I remember seeing videos on YT claiming it was sapphire, however Ive also seen videos saying that they've since changed that material to be something else now in the modern catalogue of watches. Upon doing research all I could only find out that Cartier calls it a "Cabochan" which basically means a rounded smooth cut of material stone according to google. What kind of stone? Im hoping its still sapphire... Anyone else have any info? Thanks!


----------



## armensargsean

It’s sapphire, I think. At least it fits the sapphire description. They’re mostly of blue colour (from light to dark). 


Sent from my iPhone using Tapatalk


----------



## ZisguyZaphod

Just making a guess here, but I imagine it's a synthetic sapphire. Like the synthetic rubies in the movement.


----------



## Covenant

It's a synthetic spinel, on their non-gold timepieces, and sapphire on their gold watches.
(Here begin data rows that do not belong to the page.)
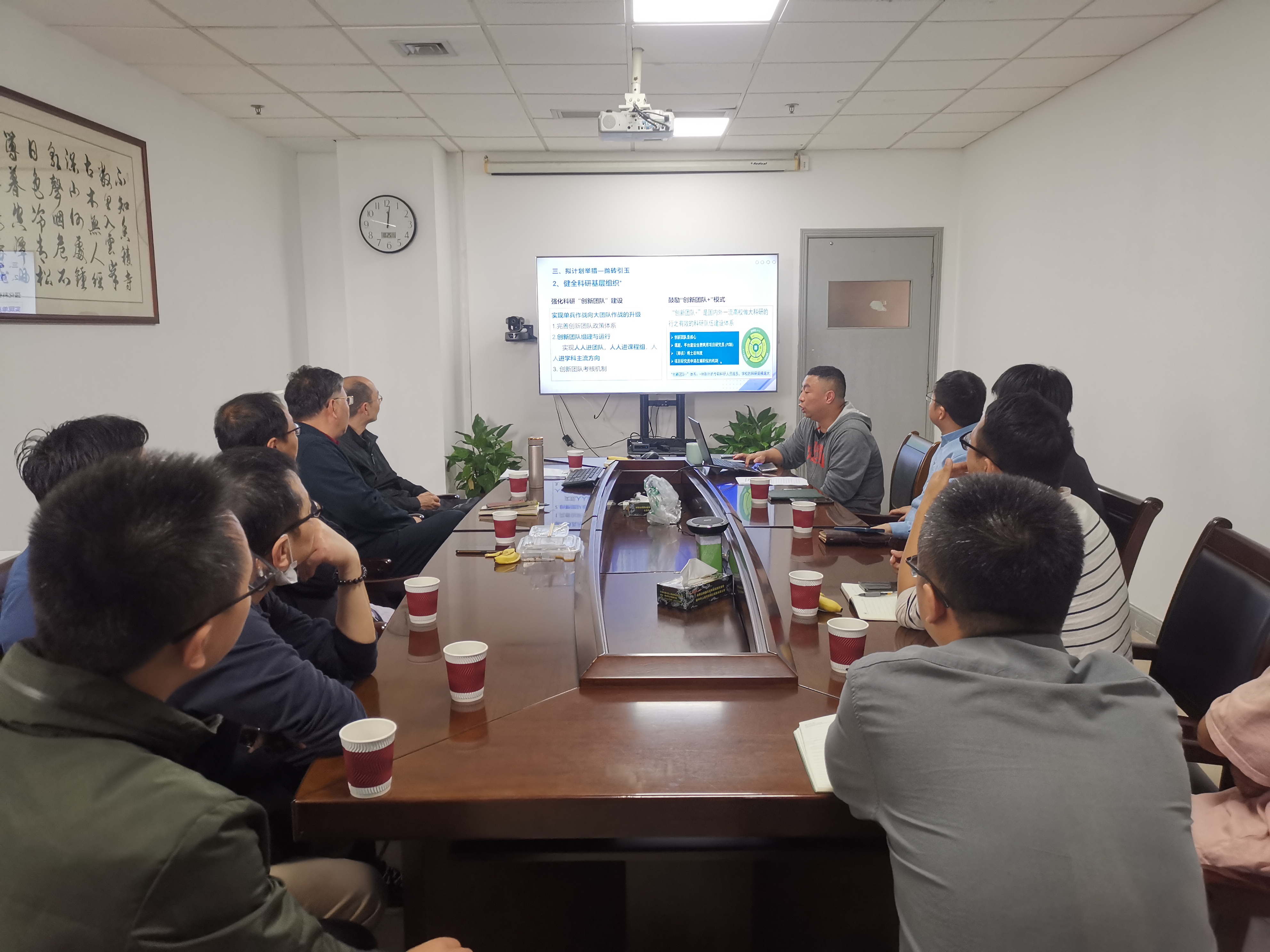 会上,裘君就学校科研处提出的“做有组织的科研”进行阐释并动员学院各所系负责人围绕未来发展方向进一步凝练学科方向开展有组织的科研工作。他首先介绍了科研处会议精神,要做有组织的科研需要搞清楚的问题包括“组织啥?谁组织?组织谁?”,应由单兵作战向大团队作战升级,要求人人进团队,人人进课程组,人人进学科主流方向。同时,他介绍了目前国家对科技发展新要求及现状、对“做有组织的科研”的理解和拟计划举措。随后,学院各所系负责人围绕有组织的科研要求就现有的科研队伍和学科方向进行梳理回顾总结并展开头脑风暴,积极寻求契合点,进一步结合宁波地方需求和产业特点,持续做好优势特色科研工作,持续培育创新团队和创新成果。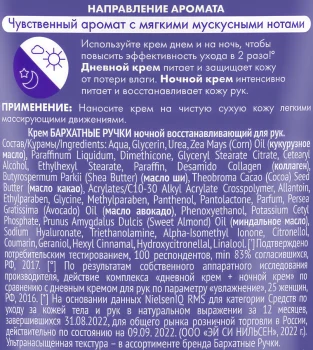 Крем ночной для рук БАРХАТНЫЕ РУЧКИ питательный, восстанавливающий, 80мл80 г190,70 ₽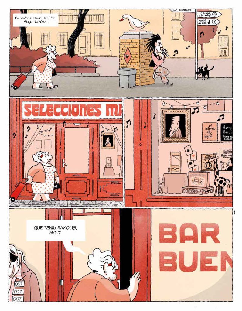 Ja fa anys que la senyora Marga viu sola al seu pis, a un barri de Barcelona. Tots els dies fa el mateix recorregut: passa pel davant de la botiga de màgia, para a la vora de la font de l’oca i saluda l’amo del bar on li agrada menjar raviolis i comprar loteria. Quan surt a caminar, es troba més segura agafada al seu carret d’anar al mercat. La seva filla la truca tots els dies. Tant si es queda sola a casa, com si va sola pel carrer, la Marga pensa molt en una amiga de joventut, la Júlia, de la qual un bon dia va perdre tota notícia. Es conforma, la Marga, amb aquest tipus de vida? I tant! Ella ja és feliç amb una vida sense ensurts. Però, un dia, de sobte, l’ànima de la seva benvolguda Júlia se li apareix dins del carret de la compra i li demana auxili. Resulta que, fa molt de temps, a la Júlia la va segrestar un vell vampir, anomenat Virgili, del qual, a més a més, es va enamorar.

Note the product description for the Santos de Cartier in steel:
_"Santos watch, medium model, mechanical movement with automatic winding, 1847 MC. Case in steel, seven-sided crown set with a faceted synthetic spinel..."_

Vs the Santos de Cartier in solid gold:
_"Santos watch, medium model, mechanical movement with automatic winding, 1847 MC. Case in 18K rose gold, seven-sided crown in 18K rose gold set with a faceted sapphire..."_


----------



## JayLi

thank you for dropping the knowledge!


----------



## Pun

Covenant said:


> It's a synthetic spinel, on their non-gold timepieces, and sapphire on their gold watches.
> 
> Note the product description for the Santos de Cartier in steel:
> _"Santos watch, medium model, mechanical movement with automatic winding, 1847 MC. Case in steel, seven-sided crown set with a faceted synthetic spinel..."_
> 
> Vs the Santos de Cartier in solid gold:
> _"Santos watch, medium model, mechanical movement with automatic winding, 1847 MC. Case in 18K rose gold, seven-sided crown in 18K rose gold set with a faceted sapphire..."_


And what they use on gold-steel two tone models?


----------



## Covenant

Pun said:


> And what they use on gold-steel two tone models?


Also spinel.

It's in the product description of each watch, check Cartier.com if in doubt.


----------



## Pun

Deleted


----------



## Pun

Deleted


----------